Optionally, the shaping output circuit includes: a schmitt trigger having an input connected to the second pull-down point; and an inverter having an input connected to the output of the schmitt trigger and an output for providing the output signal.

In summary, the level conversion circuit in the embodiment of the present invention, by setting the second pull-down circuit and the potential maintaining circuit in the circuit, not only can the level conversion circuit normally operate when the voltage difference in the high voltage domain is greater than or equal to 2 vth, but also can normally operate when the voltage difference in the high voltage domain is less than 2 vth, compared with the conventional LEVEL SHIFT circuit, the operating range of the level conversion circuit is not limited by the on threshold value of the transistor in the circuit, and the application range of the circuit is enlarged.

Drawings

The above and other objects, features and advantages of the present invention will become more apparent from the following description of embodiments of the present invention with reference to the accompanying drawings, in which:

Fig. 1 shows a schematic circuit diagram of a conventional level shift circuit.
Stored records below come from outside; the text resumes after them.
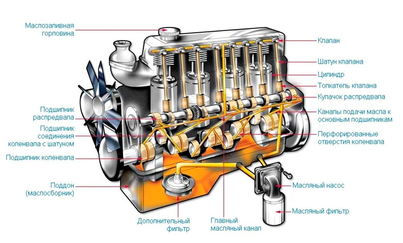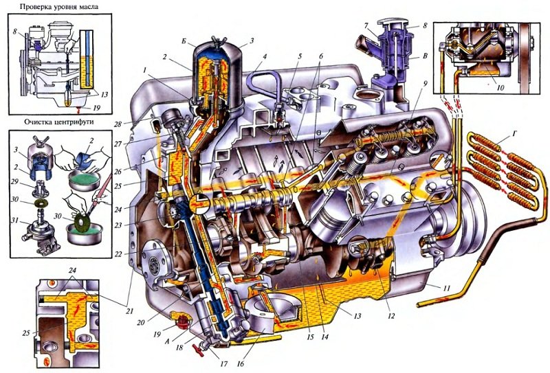 ![Система смазки дизельного ДВС]()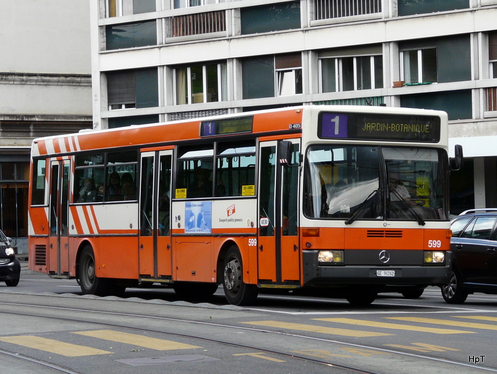 TPG Genf - Mercedes O 405 Nr.599 GE 96262 unterwegs auf der Linie 1 in der City von Genf am 15.05.2011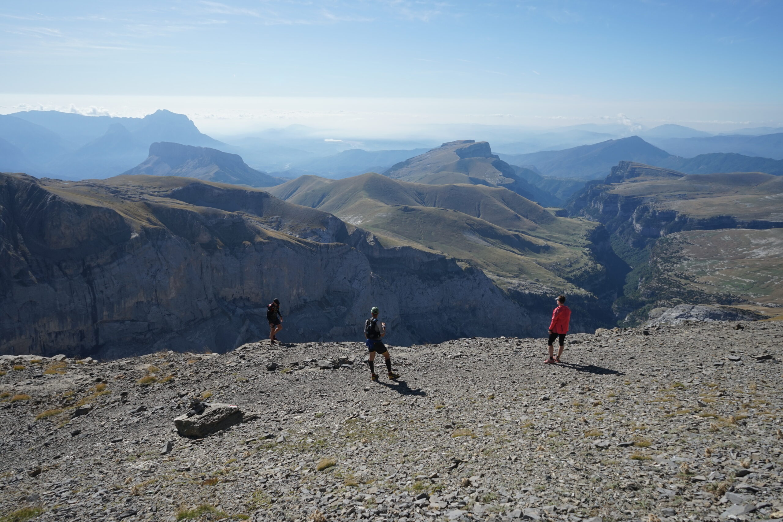 Même si l’itinéraire est balisé, on se demande jusqu’au dernier moment quel sera le passage. Une désescalade équipée nous dépose sur une large plateforme quasiment horizontale qui enroule les versants Est et Sud au-dessus des falaises. Au détour d’un promontoire (2800 m environ), c’est une nouvelle claque : du collado de Añisclo où nous étions juste avant, jusqu’à ce qu’elle s’évanouisse des kilomètres plus loin, la faille du canyon d’Añisclo est visible dans son intégralité. Tandis que la vire se fond dans le versant sud de la Punta de las Olas, nous quittons progressivement la verticalité pour parcourir de voluptueux reliefs jusqu’au refuge de Goriz (2150 m). Nous courons un peu afin de tenir l’horaire et de nous dégager du temps pour une pause méritée au refuge. Pique-nique, ravitaillement en eau (assez rare sur le parcours), provisions, point sur la suite du programme, nous sommes à la moitié de l’itinéraire et c’est le moment de récupérer même si tout le monde se porte très bien.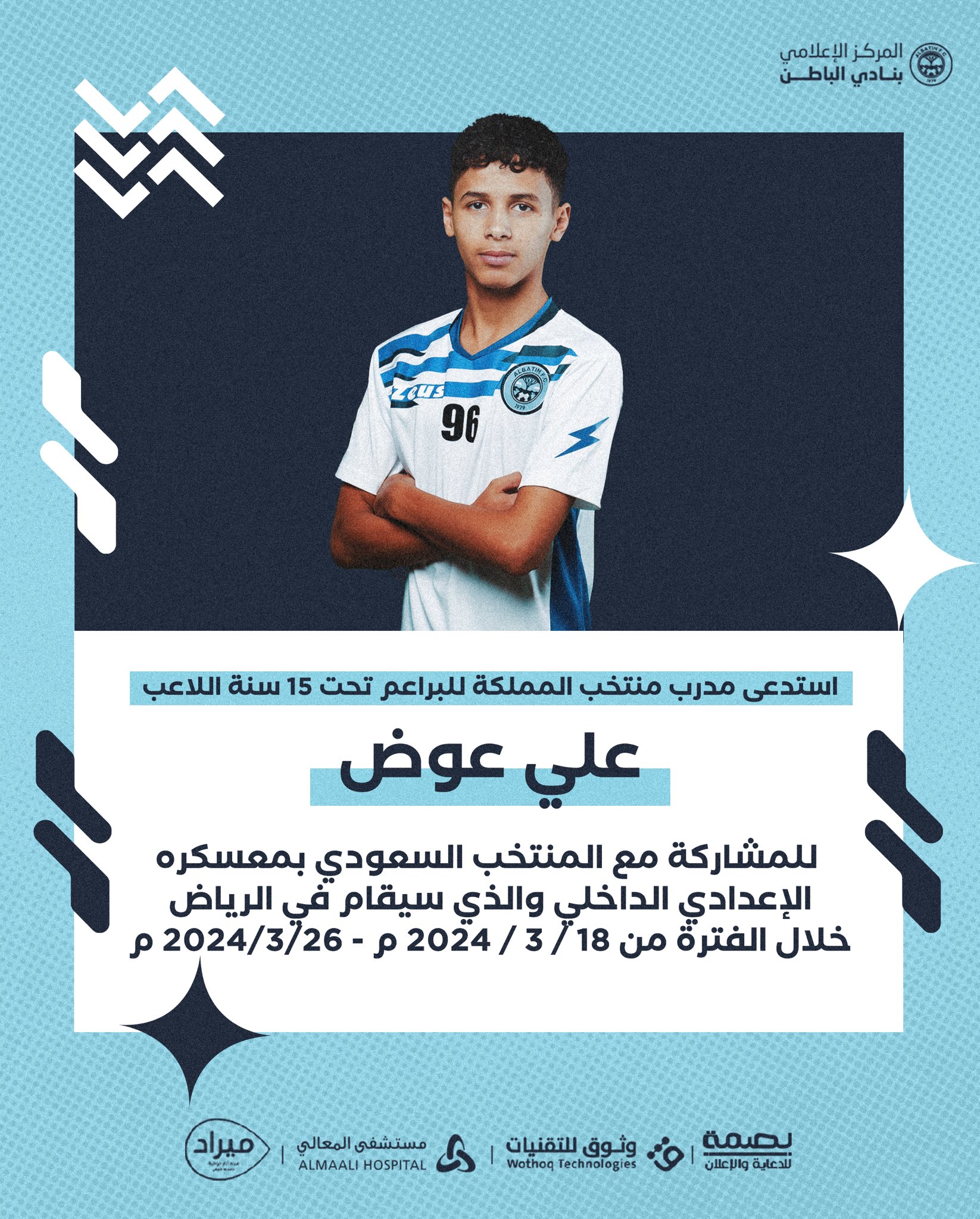 مدرب منتخب البراعم تحت 15 سنة يستدعي لاعب الباطن علي عوض للإنضمام لمعسكر المنتخب 13 مارس، 2024 / اخبار النادي, الالعاب المختلفة, الفئات السنية Share via: Facebook X (Twitter) LinkedIn More

Fig. 2 shows an operation waveform diagram of a conventional level shift circuit.

Fig. 3 shows a schematic circuit diagram of a level shift circuit according to an embodiment of the invention.

Fig. 4 shows an operation waveform diagram of a level shift circuit according to an embodiment of the present invention.

Detailed Description

Reference will now be made in detail to exemplary embodiments of the present disclosure, examples of which are illustrated in the accompanying drawings. Wherever possible, the same reference numbers will be used throughout the drawings to refer to the same or like parts.
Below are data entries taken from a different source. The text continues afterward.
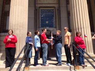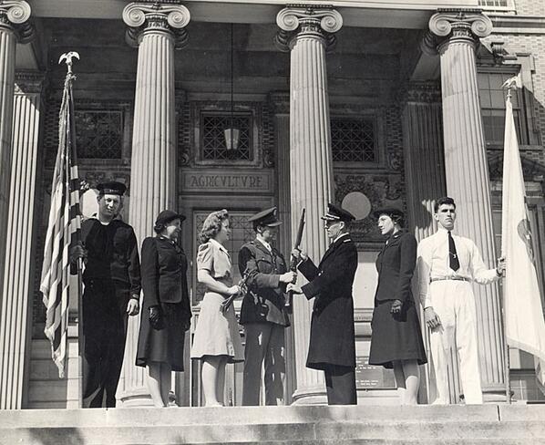 A team from CALS Academic Affairs relived history last week as part of the CALS Week Scavenger Hunt. Among the items on the hunt list was to recreate the historic photo below. Pictured (L to R): Cindy Fendrick, Andrea Sottile, Megan O’Rourke, Dan Barnish, Sue Ryan, Sam Loveland (CALS senior), Karen Martins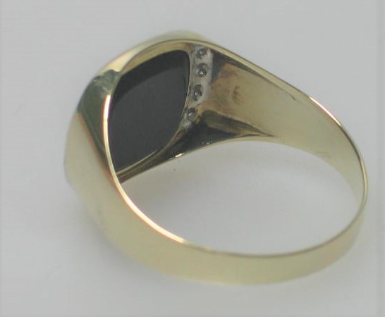 Ring aus 585er Gelbgold mit 8 Diamanten und einer Onyxplatte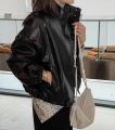 High-neck leather blouson jacket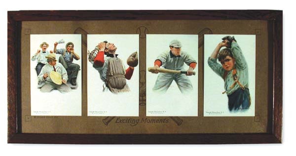The true master of the form (and a strong influence on the work of Norman Rockwell), Gross offers four charming views of the National Game at the time of Cobb, Wagner and Shoeless Joe. Each Mint postcard is arranged on a custom matte and framed to perfection. A wonderful display.

In the description, it should be noted that like reference numerals have been used to denote like parts in other figures as far as possible for these elements. In the following description, when functions and configurations known to those skilled in the art are irrelevant to the basic configuration of the present disclosure, their detailed description will be omitted. The terms described in the specification should be understood as follows.

Advantages and features of the present disclosure and methods of accomplishing the same will be described below by way of embodiments described with reference to the accompanying drawings. This disclosure may, however, be embodied in different forms and should not be construed as limited to the embodiments set forth herein. Rather, these embodiments are provided so that this disclosure will be thorough and complete, and will fully convey the scope of the disclosure to those skilled in the art. Furthermore, the disclosure is limited only by the scope of the claims.

The shapes, dimensions, ratios, angles, and numbers disclosed in the drawings for describing embodiments of the present disclosure are merely examples, and thus the present disclosure is not limited to the details illustrated. Like numbers refer to like elements throughout. In the following description, a detailed description will be omitted when it is determined that the detailed description of related known functions or constructions will inevitably obscure the gist of the present disclosure.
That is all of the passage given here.